Mlliyet Milliyet Blog Milliyet Blog
 
Facebook Connect
Blog Kategorileri
 

10 Temmuz '08

 
Kategori
Öykü
 

Aşık olmak istiyorum (1)

Aşık olmak istiyorum (1)
 

Özlem baba baskısı gören kalabalık bir ailenin yedi çocuğundan biriydi. Babası diğer kızlarını göndermediği gibi onu da, “kız çocuğu okumaz” mantığıyla ilkokuldan sonra okula göndermedi.

Özlem okulun havasını teneffüs edemedi arkadaşlarıyla birlikte ders çalışmanın keyfine varamadı. Çok zengin olmalarına rağmen ailesinin kuralcı olması nedeniyle diğer arkadaşları gibi gezip eğlenemiyor istediği gibi davranamıyor giyinemiyordu. Annesinden hiçbir konuda yardım alamıyordu. Annesinin tek fonksiyonu ev işlerini yapmasıydı. Bunun dışında evde babası ne isterse öyle oluyordu.

Özlem hayat dolu cıvıl cıvıl gezmeyi eğlenmeyi giyinmeyi seven bir kızdı. Hayatını dilediği gibi yaşamak istiyordu. Karşısına çıkan ilk erkekle flört etmeye başladı. Çok geçmeden birbirini sevdiler ve evlenmeye karar verdiler.

Özlem’in yaşı küçük olduğu için babası bu evliliği onaylamadı. Özlem’in tek istediği şey, evlenip baba evinden uzaklaşmak yeni bir hayat kurmaktı. Evlenip hayatını yaşayacak eğlenceden eğlenceye koşacaktı. Ona kimse karışmayacaktı. Hayallerinin peşinden koşarak gizlice kaçarak evlendi.

Gelin olarak gittiği ev baba evini aratmayacak kalabalıkta ve nitelikte bir evdi.

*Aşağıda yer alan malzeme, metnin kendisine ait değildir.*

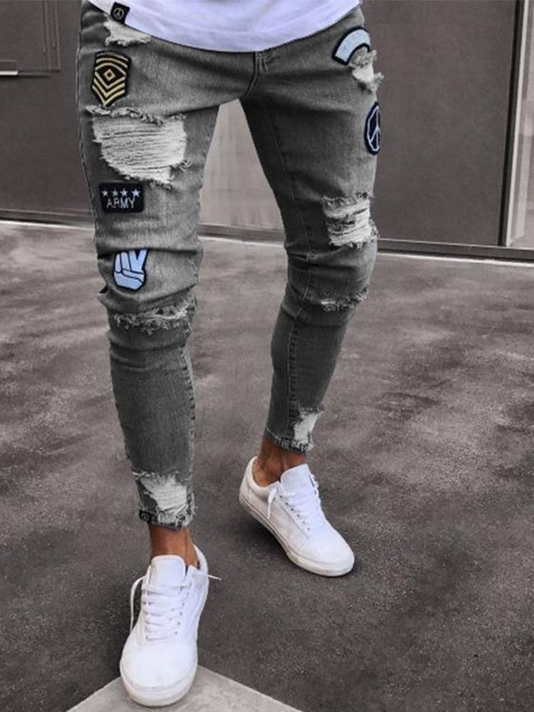 Pencil Pants Appliques Mid Waist Men's Casual Jeans

Kurtulmak için kaçtığı bu evde kocasından ilk dayağını hayallerini süsleyen ilk gecesinde yedi. Sevip aşık olduğu erkek gece olunca kurt adama dönüşmüştü adeta.

Geçen zaman içinde kocasının ailesi, onu evliliğinin baharında olan yeni bir gelin genç bir kadın gibi değil de evde her işi yaptıracak bir köle gibi görmeye başladı. Özlem yaş itibariyle ve ev işlerine olan ilgisizliği nedeniyle ev işi ve yemek yapma konusunda yetersiz kaldı.

Kıyafet konusundaki serbestliği de başına iş açıyordu. Kocasının ailesi bu durumdan hoşlanmıyor gelini sürekli oğluna şikayet ediyorlar ve bu şekilde Özlem’in kocasından yediği dayakların sonu gelmiyordu.

Bütün hayalleri yıkıldı. Oysa neler neler hayal etmişti. Sevdiği erkekle birlikte sevgi dolu bir evde canı istediği gibi yaşayıp mutlu olacaktı. Şimdi ise külkedisi gibi eve hapsolmuş evin bütün yükünü omuzlamıştı.

Küçücük bedeni o kadar kalabalığın yükünü taşıyamıyordu. Dayak yememek için elinden gelenin fazlasını yapıyor yine de hergün dayak yemekten kurtulamıyordu. Kocasının dayak atmak için her zaman bir sebebi vardı. Dayak artık Özlem’in hayatının vazgeçilmez bir parçası olmuştu .

Özlem bütün bu çektiklerinin dışında ailesini çok özlüyordu. Babası onu affetmiyor kızıyla bir kez olsun görüşmüyordu. Annesinin ve kardeşlerinin görüşmesini de yasaklamıştı. Babasının kendini affetmeyeceğini bile bile yaşadığı işkenceye daha fazla katlanamayarak bir yılın sonunda kocasının evinden kaçarak baba evine sığındı.

Babası onu affetmedi, “beni ayaklar altına aldın yüzümü yere eğdirdin. Bizimle birlikte yaşamayı haketmiyorsun” diye onu evin bahçesinde bulunan küçük eve yerleştirdi. “Artık senin evin burası” diyerek onu küçük evde yaşamaya mahkum etti.

 
Toplam blog
: 1929
: 661
Kayıt tarihi
: 11.11.06
 
 

  Hayatı ciddiye almam, emeği çok ciddiye alırım. Dünyanın en vazgeçilmez üçlüsü; çocuklar, çiçek..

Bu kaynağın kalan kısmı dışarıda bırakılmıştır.